Отец кривил душой, так говоря: бежевый язычок сыновней курточке зиппером-то они прищемили, и тот поник, обескровленный и потемневший.
– Клетку-то отдельно повезем, в брезентовой моей сумке, походной… Я уж сам потащу. Ну, сынок, пора двигать, пора…
Присели «на дорожку». Кейджинский уселся на самый краешек стула, нервозно постукивая каблуками новеньких бареток. Встали. Кейджинский подхватил наплечную сумку. И тут мать полезла целоваться, набросила руки ему на плечи, повисла. Сумку-то он все время пытался сбросить, ворочал плечом, ртом успевая отвечать материнским, солоноватым губам. Но не вышло эффектное освобождение странника от нелегкой ноши: лямка зацепилась за бутафорский плечной погон. Зато после, в тот самый момент, когда мать, неудачно скрывающая слезы и шмыгающая носом, откинувшись, стирала носовым платком, намотанным на палец, предварительно обслюнив самый его кончик, помаду на сыновних губах и скулах, сумка вдруг начала запоздало соскальзывать, словно этот погон не замечая, и, в конце концов, съехала на сгиб локтя.
– Билет, паспорт? – напомнила мать, и щеки ее порозовели.
– Здесь, – ответил за сына отец, похлопывая себя по нагрудному карману. Эдик и не сопротивлялся: отцовский карман казался ему хранилищем более надежным, чем его, Эдика, джинсовый лоскут, приделанный к куртке фирменными заклепками. Отец сохранит, и не забудет передать на вокзале, и не сомнет в автобусной толчее.

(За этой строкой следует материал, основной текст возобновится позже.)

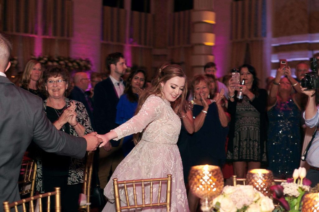 All food and drink came courtesy of Bartolotta Catering. In fact, Vanessa and Sean even chose a Bartolotta restaurant for their rehearsal dinner: Bacchus. “The food was amazing and the atrium room is beautiful!” At the wedding, hors d’oeuvres were passed and dinner began with a Caesar salad. Next came the guests’s choice of filet mignon, Tuscan chicken, or salmon. Late-night food included sliders, pulled pork sandwiches, and fries.
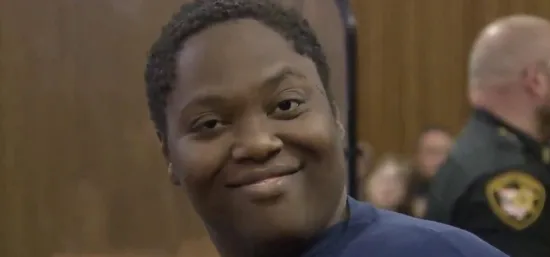 Bionca Ellis, mujer acusada de apuñalar hasta la muerte a un niño de 3 años en el parking de una tienda de comestibles en Ohio (EE.UU.), sonríe y se ríe mientras le leen los cargos.
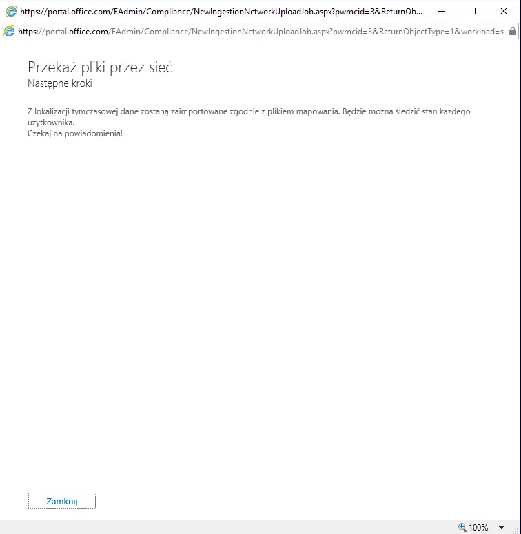 Posiadając już gotowy plik mapowania oraz dane zaimportowane do Azure, przechodzimy do menu przekazywania danych, które otworzyliśmy na początku tego procesu, czyli do okienka „Przekaż pliki przez sieć”:

– Ну, хватит, – сказал, наконец, отец, неловко отрывая мать от сына.
Ситуация, действительно, была не для слабого материнского сердца: Эдик, цель всей ее жизни, баловень, любимый мальчуган, и вдруг… Невозможно себе представить, как он, съежившийся – быть может, словно от холода, от подступающей к горлу тоски по уплывающему вдаль отчему дому – глядит покрасневшими от слез глазами вслед неуклюже пятящемуся перрону. Невозможно себе представить, что Эдик через какие-то несколько часов будет уже за пределами города; будет лицом принимать ласки не ее, материнских ладоней, а разбойничьих дланей несущегося навстречу крепкого, пропитанного незнакомыми дорожными запахами, воздуха.

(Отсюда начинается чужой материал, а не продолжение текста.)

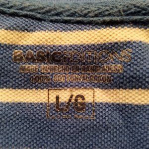 Basic Editions Classic Fit Men's Blue & White Striped Short Sleeve Polo Size LG

Всхлипывая, он расцепила руки: он, сын, сынок, покорный судьбе, ныряет в прожорливые механические лифтовые створки. Со страхом слышала она, как лифт, издав сытный звук, захлопнул пасть, и пошел вниз, гугниво переваривая ее неразумное дитя, поддавшееся на уговоры папаши (который, конечно же, жалеет сына, но склонен иногда разражаться глупыми и нелепыми педагогическими идеями).
Она бросилась к окнам, металась от одного к другому, отчаянно бормоча всевозможную материнскую белиберду, припоминая дурным словом мужа, заварившего всю эту кашу; но их не было. «Прозевала!» – ахнула она про себя, и опустила бессильные руки. Но, в тот самый момент, вдруг прижавшись виском к стеклу и приподнявшись на цыпочки, самым краешком глаза она увидела паутину сигаретного дымка, раздробленного легкими, мелкими трещинками в стекле (результат – еще в отрочестве – пущенного Эдиком камушка).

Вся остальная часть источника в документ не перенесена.